В тишине как бы со скуки и из-под земли пропел петух. За звуком звук, пробурчал недалекий гром, предваренный молнийной вспышкой. Холодное дуновение, войдя в окно, еще раз отклонило полы пестрого халатика. Наступили сумерки. — Свирепо засунув в карман исписанные бумажные лоскутки, Фирсов ринулся в дверь, не останавливаемый Доломановой.
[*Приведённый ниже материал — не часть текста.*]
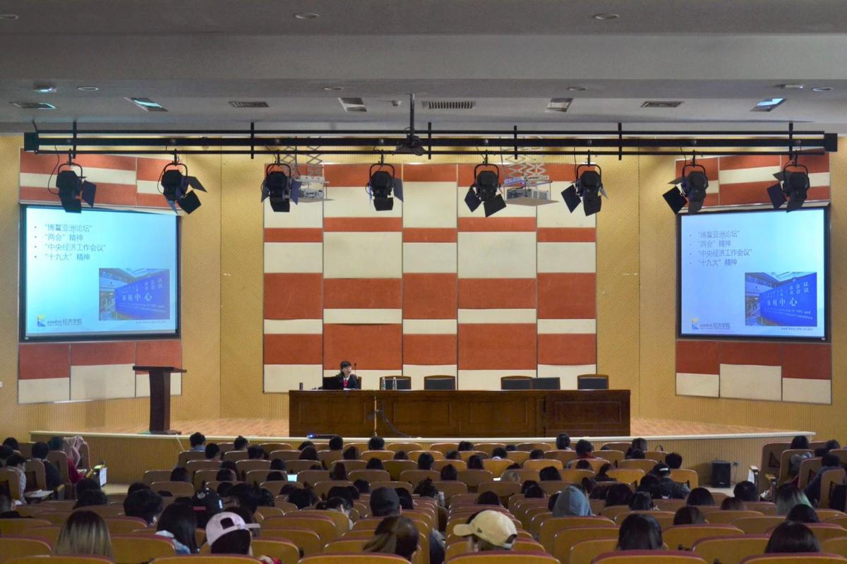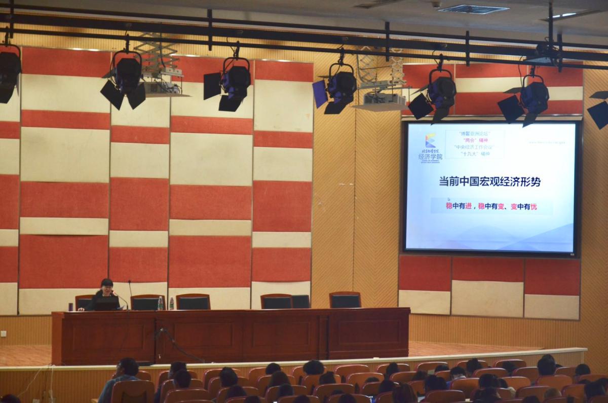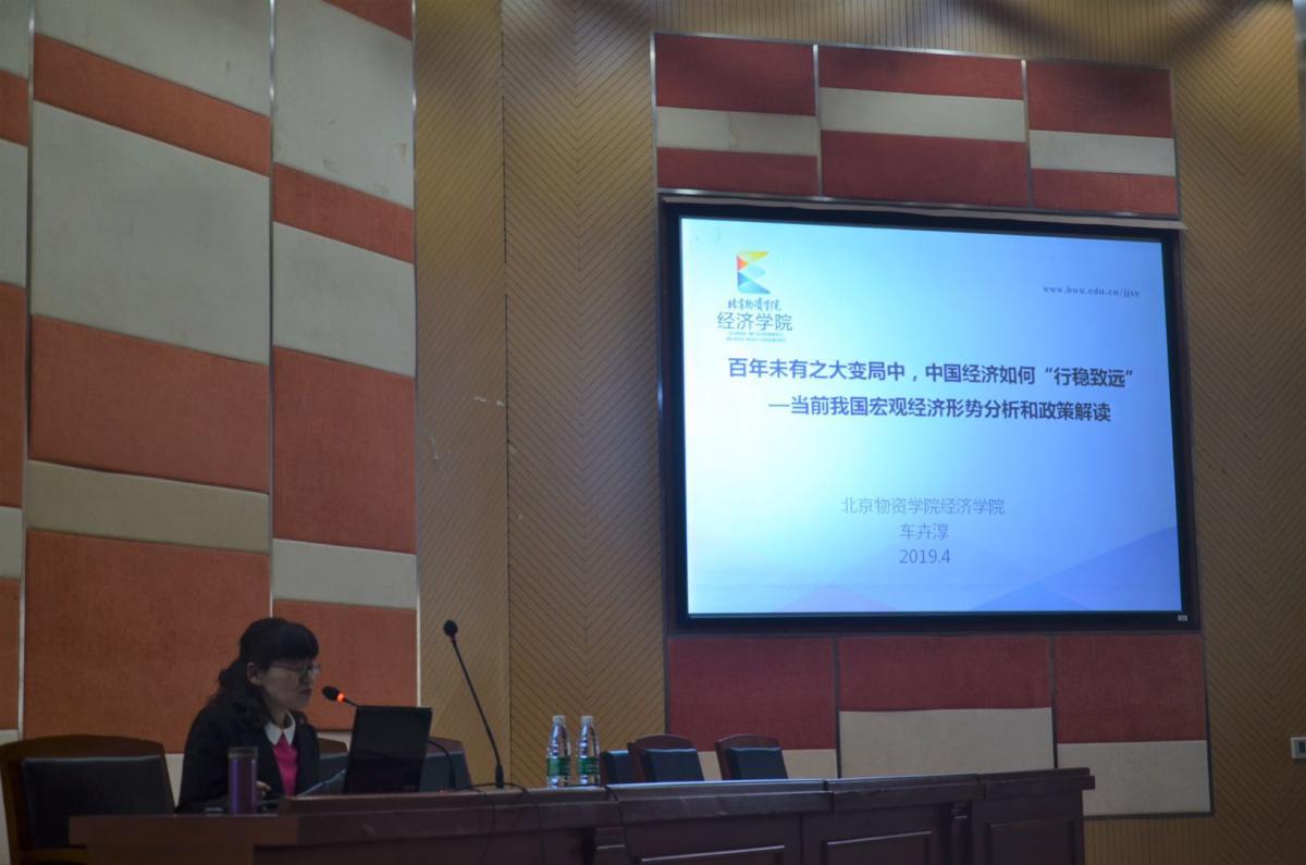 4月10号下午,beats365车卉淳教授应邀为2016级、2017级员工作主题为《百年未有之大变局中,中国经济如何“行稳致远”》的宏观经济形势讲座。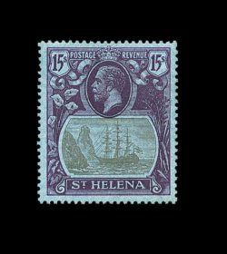 2194 og 94 image#94, 1922 15/- Violet and black on blue Badge of the Colony, well centered, deep intense colors, o.g., lightly hinged, a very fine example of this popular high value (S.G. #113; £800). (Image) 925.00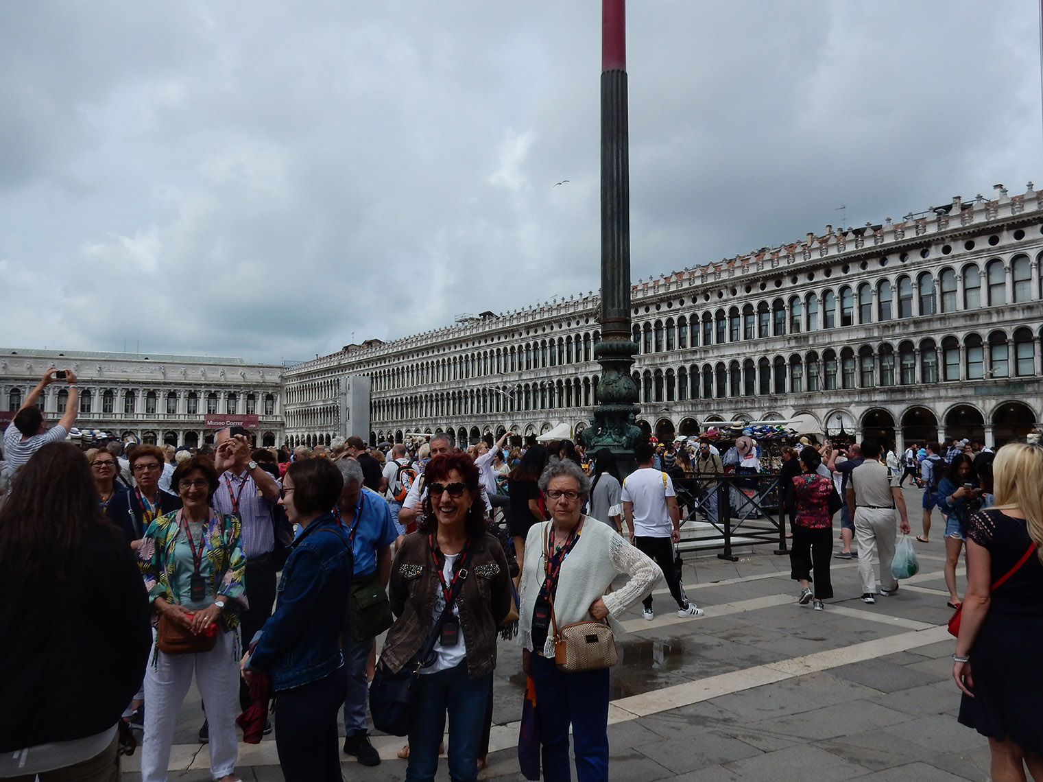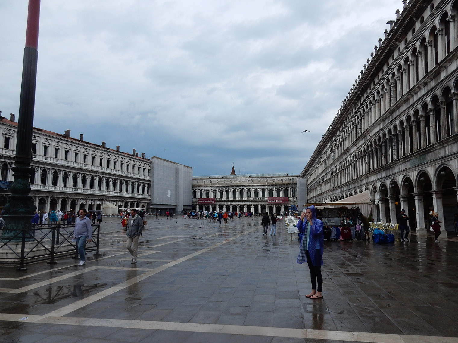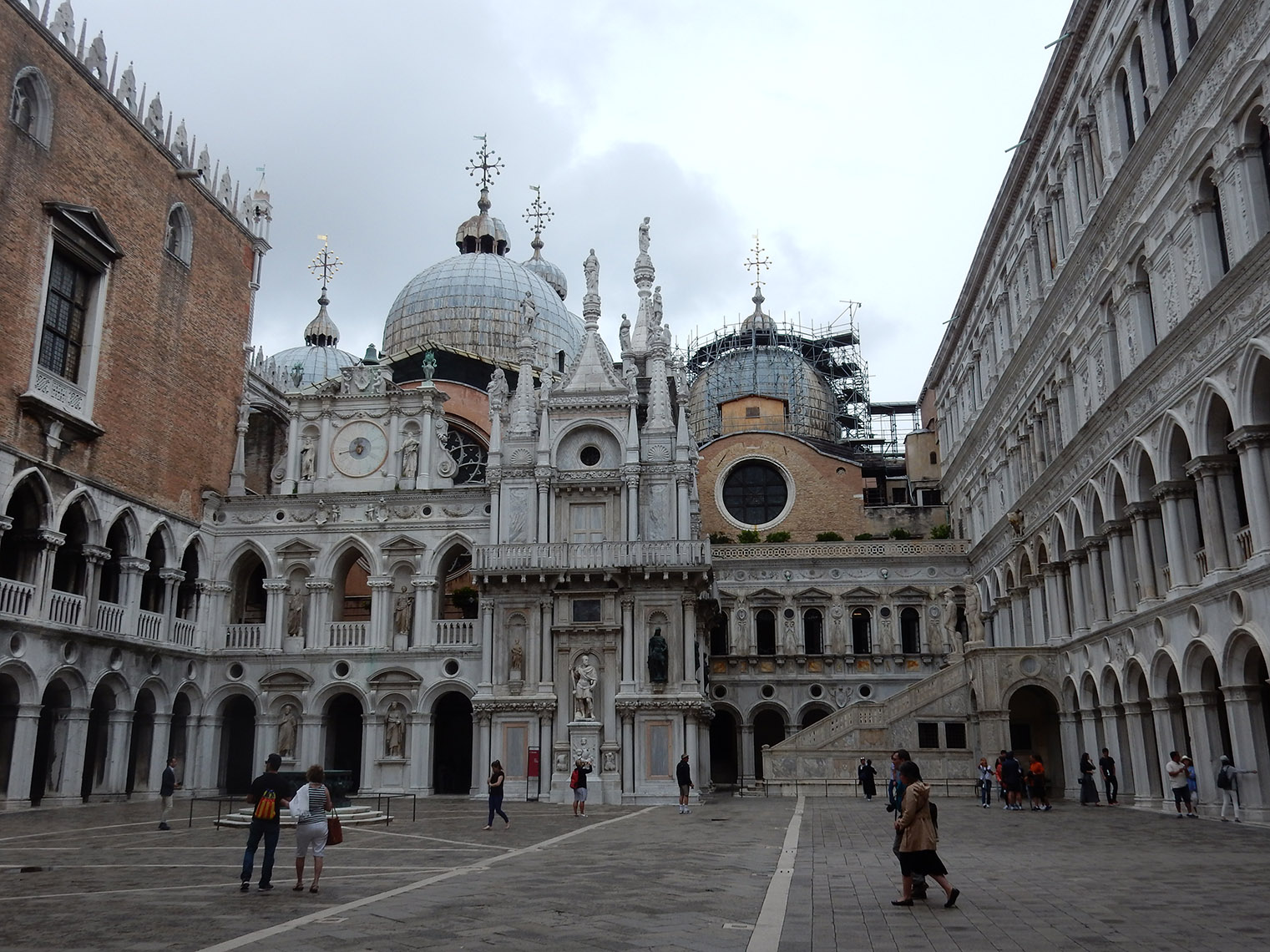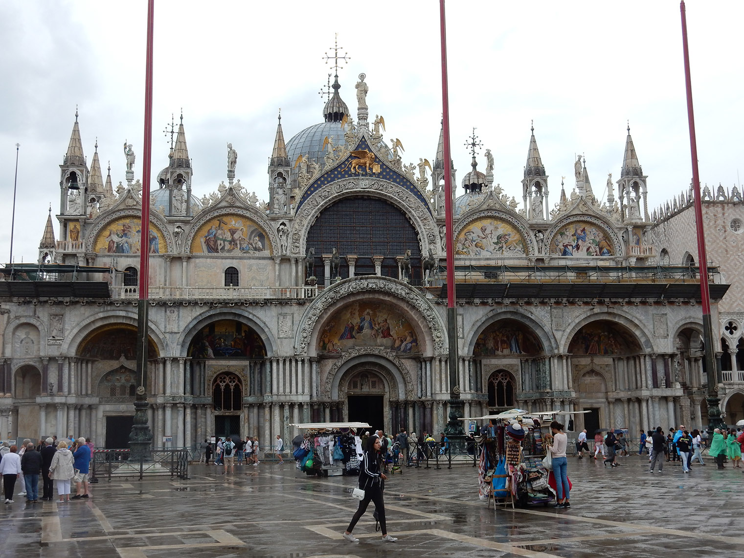 This was the day I planned to hit Venice's most popular sights since, being a weekday, they should be less crowded. I had also followed the advice from my tour book and purchased some tickets in advance online a while back so we got an early start and hopped on a vaporetto (Venice's boat equivalent of a bus) on the Grand Canal. Unfortunately, the weather that morning was cool and rainy and the vaporetto was packed so we didn't really get to enjoy the views. But things were starting to clear up by the time we disembarked at the Piazza San Marco.

Он долго возился с дверным замком, злился и в кровь расцарапывал руки, пока на помощь не подоспел Донька. Вместе они вышли на крыльцо. Огненно и громово лопались тучи, и всякий раз обильней сквозь развороченные трещины падала ледяная июльская влага. Дворик с кипящими лужами походил на огромную лохань. В раскрытом, как гнусный рот, окне непристойно орал граммофон. А в небе синели плоские днища туч, и клен под доломановским окном величаво приветствовал небесные разрывы всеми своими воздетыми руками.

— …Небось, и тебя замучила? — заступив дорогу сочинителю, шептал Донька. — А что она сделала со мной! Лакеем стал, хуже лакея… подлецом. Что ж, и тебе, значит, любовь свою обещала? — Фирсов покачивался, морщась, как от зубной боли. — Так и сказала мне: живи в чуланчике, будешь у меня по надобностям. Эх, человечина, где же она, веселая кудрявость моя? Волос стал падать, Федор Федорыч!.. А ведь сколько я их перецарапал! Помню, в Звенигороде каракуль шпандокал, одна попалась… хоть на палец надевай и носи заместо кольца. А ты тут что же такое… в чулане живу, на манер мопсика! — бесслезно всхлипывал он, жадно облизывая губы, а глядел мимо Фирсова куда-то на порог, где как будто лежала она, жалкая участь соблазненного соблазнителя. — Ты у ей там сидишь, может — грудку ей гладишь… а я в чулане стишок выдумываю. Не-ет, ты послушай мой стишок… я его, может, еще ножом по спине ей выпишу!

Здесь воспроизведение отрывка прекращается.